Copy without pictures. Please restate each line of the listing exactly.
Segment Open
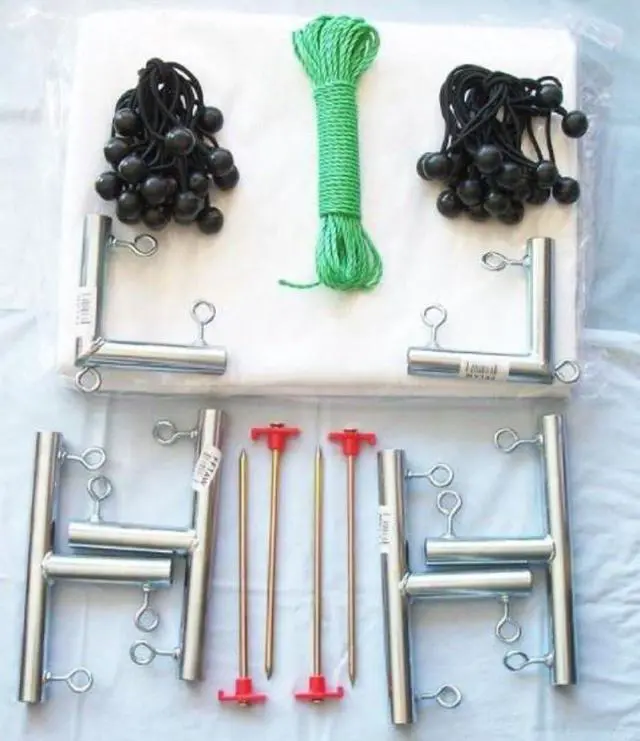 "Kit Includes: 10 x 10 White Heavy Duty Poly Tarp (Finished Size Approximately 96 x 96), 3/4"" Heavy Duty (Galvanized Steel) Fittings to connect your pipe to make the frame, Ball Bungees to attach the tarp to the pipe and rope and tent stakes to tie down your kit."
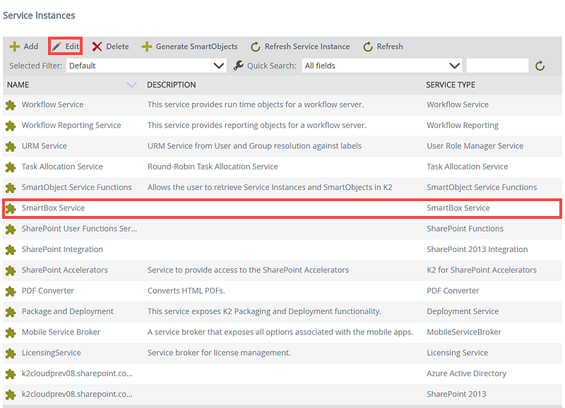 - Select the Service Instance you want to edit. The Edit button becomes available.
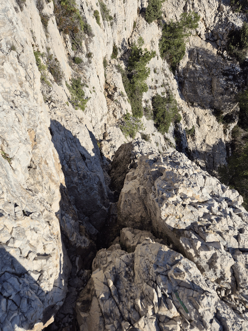 La inceput trebuie coborat (fara lant) in fisura foarte inclinata din stanga.
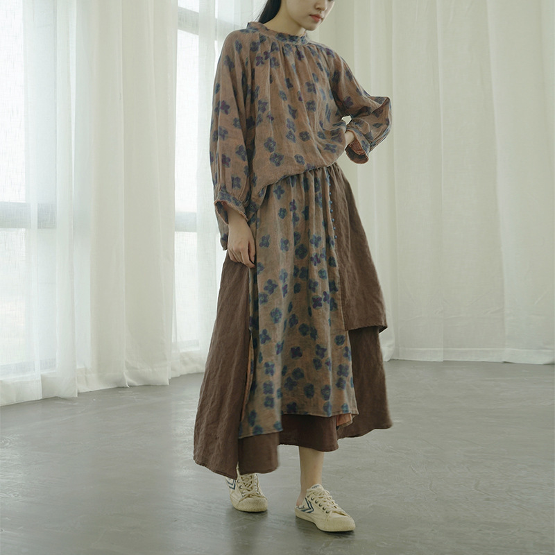Retro Nostalgic Blue Dyed Printed Irregular Long Dress
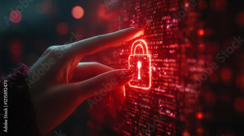 person's hand hovering over a glowing digital padlock, symbolizing secure data
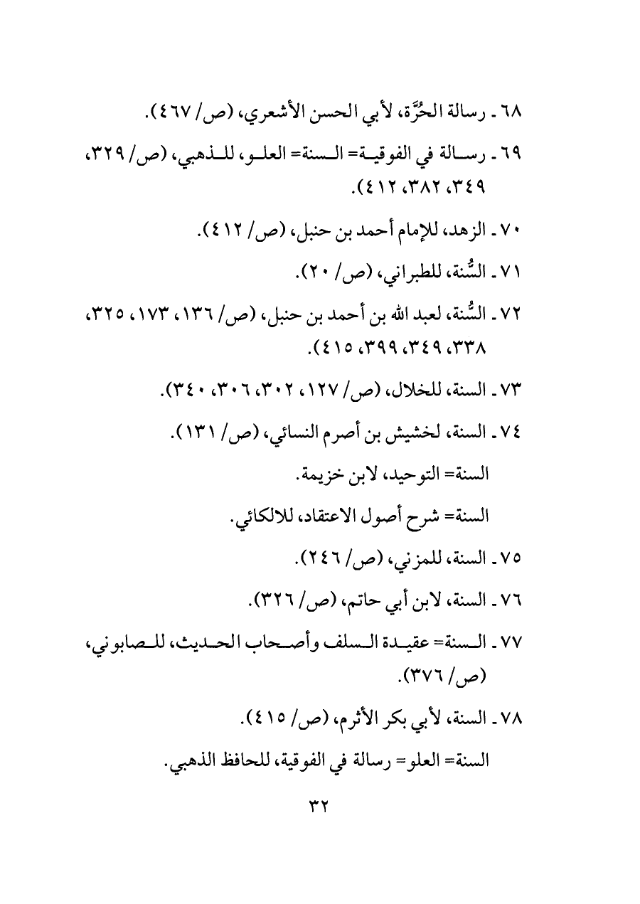 ٧٧ - السنة= عقيدة السلف وأصحاب الحديث، للصابوني، (ص/٣٧٦).
Segment Closed
• [Response to the task]
 "Kit Includes: 10 x 10 White Heavy Duty Poly Tarp (Finished Size Approximately 96 x 96), 3/4"" Heavy Duty (Galvanized Steel) Fittings to connect your pipe to make the frame, Ball Bungees to attach the tarp to the pipe and rope and tent stakes to tie down your kit."
 - Select the Service Instance you want to edit. The Edit button becomes available.
 La inceput trebuie coborat (fara lant) in fisura foarte inclinata din stanga.
Retro Nostalgic Blue Dyed Printed Irregular Long Dress
 person's hand hovering over a glowing digital padlock, symbolizing secure data
 ٧٧ - السنة= عقيدة السلف وأصحاب الحديث، للصابوني، (ص/٣٧٦).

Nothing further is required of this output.